A Reactive Thermoplastic Spacer with Excellent Durable Energy Efficiency for Structural Glazing Facades

A Reactive Thermoplastic Spacer for Structural Glazing Facades

Posted 04 Dec 2018 by Mike Speicher, Market Manager

Minimizing the energy consumption of buildings has become a global objective and an important goal in building design and construction. The future will see a continuous tightening of energy efficiency standards on an international level and of the energy performance level of building envelopes.

 To meet the demand for primary energy sustainability, an optimized thermal insulation - especially in the facade and window surface of buildings - has to be ensured. As a result of highly effective glass coatings and energetically optimized facade and frame profiles, gas-filled double and triple pane insulating glass units (IGUs) have developed into highly thermal insulating assembly parts. Therefore, optimizing the thermal insulation performance of the edge seal has become the focus of attention.

Traditional aluminum spacer systems create a significant thermal bridge in the edge seal and are affecting the thermal properties of IGUs and reducing the energy efficiency of the building envelope. On this background, a wide variety of spacer systems - so called warm edge solutions - have been developed to reduce this thermal loss. As long as it improves thermal performance than the traditional aluminum spacer, even at a relatively small level, it was considered to be warm edge.

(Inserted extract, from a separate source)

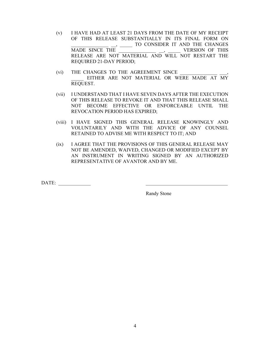 4 (v) I HAVE HAD AT LEAST 21 DAYS FROM THE DATE OF MY RECEIPT OF THIS RELEASE SUBSTANTIALLY IN ITS FINAL FORM ON _______________ __, _____ TO CONSIDER IT AND THE CHANGES MADE SINCE THE _______________ __, _____ VERSION OF THIS RELEASE ARE NOT MATERIAL AND WILL NOT RESTART THE REQUIRED 21-DAY PERIOD; (vi) THE CHANGES TO THE AGREEMENT SINCE _______________ ___, _____ EITHER ARE NOT MATERIAL OR WERE MADE AT MY REQUEST. (vii) I UNDERSTAND THAT I HAVE SEVEN DAYS AFTER THE EXECUTION OF THIS RELEASE TO REVOKE IT AND THAT THIS RELEASE SHALL NOT BECOME EFFECTIVE OR ENFORCEABLE UNTIL THE REVOCATION PERIOD HAS EXPIRED; (viii) I HAVE SIGNED THIS GENERAL RELEASE KNOWINGLY AND VOLUNTARILY AND WITH THE ADVICE OF ANY COUNSEL RETAINED TO ADVISE ME WITH RESPECT TO IT; AND (ix) I AGREE THAT THE PROVISIONS OF THIS GENERAL RELEASE MAY NOT BE AMENDED, WAIVED, CHANGED OR MODIFIED EXCEPT BY AN INSTRUMENT IN WRITING SIGNED BY AN AUTHORIZED REPRESENTATIVE OF AVANTOR AND BY ME. DATE: _____________ _________________________________ Randy Stone

While stainless steel and other metal-based spacer systems can offer some improvement over traditional aluminum spacers in terms of condensation resistance and U-values, it's undeniable that they are still 80 times more conductive than state-of-the-art, high-end warm edge spacer systems. Metal-free thermoplastic spacers represent such high-end warm edge systems. They offer the lowest level ψ-values, which lead to improvements in the Uw values of the window and the Ucw values of structural glazing elements. Compared to the ψ-values of the edge seal, the contribution of gas-filling plays an even more important role for superior thermal transmission coefficients of double or triple glazing. To maintain the low Ug-values for the lifetime of a facade IGU, only the lowest gas loss rates are acceptable.

With many new warm edge spacer systems, large facade units are not easy to produce. There also is a growing discussion about the durability of edge seals, especially in more challenging climates and edge loads. Modern structural glazing facades with gas filling and warm edge are highly demanding on the edge seal. Additionally, a secondary sealing with silicone, which has inherently no gas retention capability, is often mandatory due to its UV stability. It is somewhat difficult to produce durable gas-filled IGUs with silicone secondary sealing. However, there is a growing demand for such units for structural glazing facades. The gas will only stay inside the IGU with an absolutely tight primary butyl seal – for conventional edge bond with spacer profiles this is a nearly impossible demand. With focus on the use in structural glazing applications, the new generation of thermoplastic warm edge system has been developed.